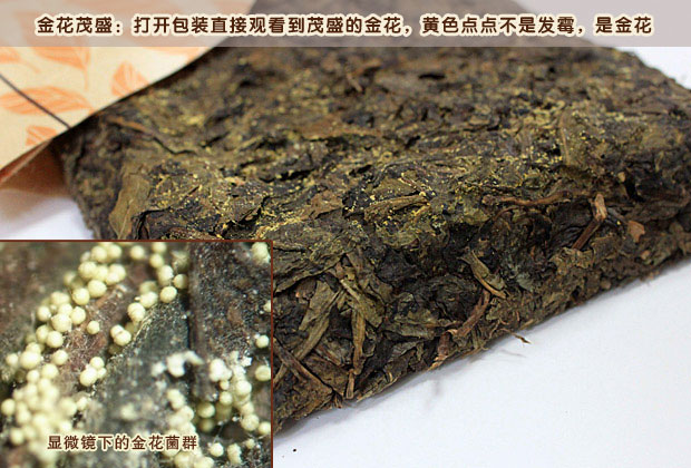 茯茶中“神秘的金花”专家觉得惊讶,并在海外畅销。“金花”也是名冠突散囊菌,黄色颗粒状,在放大镜下观看时更显著。是安化茯茶特有益生菌种,俗话说“金铂金不如黑金”。
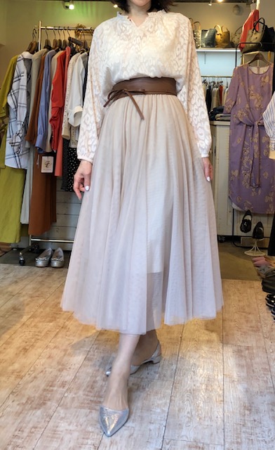 レオパードブラウスとチュールスカート💕 華やかな光沢感のあるレオパードのブラウスと同じシャンパンベージュカラーのチュールスカートをブラウンのベルトで引き締めたコーディネートです💕😃 今期のチュールスカートは大人も着られる高級感漂うアイテムが揃いました🌸ぜひトライしてみてくださいね😃 2019年3月15日
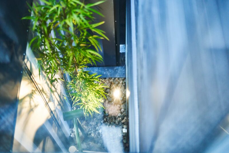 バルコニーから眺められる坪庭は、京都の四季を感じられる小さな庭園。客室の内と外をつなぎ、季節の移ろいを空間に取り込む仕掛けです。
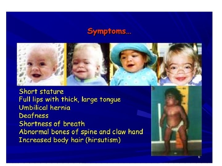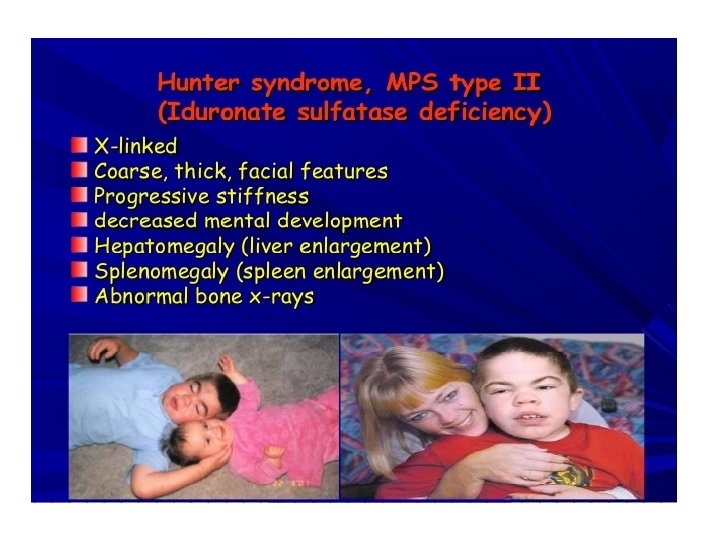 Clinical features • • • Developmental delay Coarse thick facial features Low nasal bridge Prominent dark eye brows Progressive joint stiffness Severe mental retardation
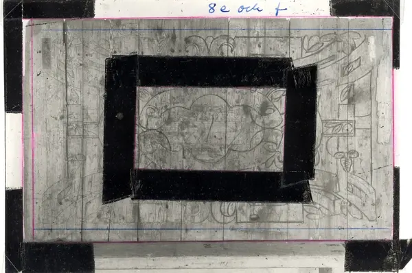 Kalmar slott. Detalj av Kungsmakets panel orginalpannån. På vissa plåtar har Martin Olsson klistrat eltejp för att markera hur bilden skulle beskäras i boken.
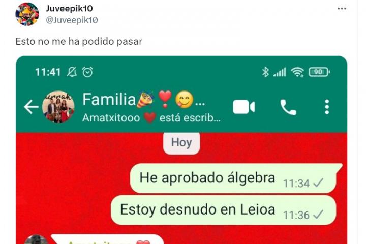"He aprobado álgebra. Estoy desnudo en Leioa", dice el usuario. Su madre responde a los dos minutos con el corazón en un puño: "¿Cómo? ¿Desnudo? Estoy preocupada".

DESCRIPTION OF THE TASK>
Return the material line for line, from its beginning to the line that contains "Kalmar slott. Detalj", with the pictures left out.

RESPONSE TO THIS TASK>
 茯茶中“神秘的金花”专家觉得惊讶,并在海外畅销。“金花”也是名冠突散囊菌,黄色颗粒状,在放大镜下观看时更显著。是安化茯茶特有益生菌种,俗话说“金铂金不如黑金”。
 レオパードブラウスとチュールスカート💕 華やかな光沢感のあるレオパードのブラウスと同じシャンパンベージュカラーのチュールスカートをブラウンのベルトで引き締めたコーディネートです💕😃 今期のチュールスカートは大人も着られる高級感漂うアイテムが揃いました🌸ぜひトライしてみてくださいね😃 2019年3月15日
 バルコニーから眺められる坪庭は、京都の四季を感じられる小さな庭園。客室の内と外をつなぎ、季節の移ろいを空間に取り込む仕掛けです。
 Clinical features • • • Developmental delay Coarse thick facial features Low nasal bridge Prominent dark eye brows Progressive joint stiffness Severe mental retardation
 Kalmar slott. Detalj av Kungsmakets panel orginalpannån. På vissa plåtar har Martin Olsson klistrat eltejp för att markera hur bilden skulle beskäras i boken.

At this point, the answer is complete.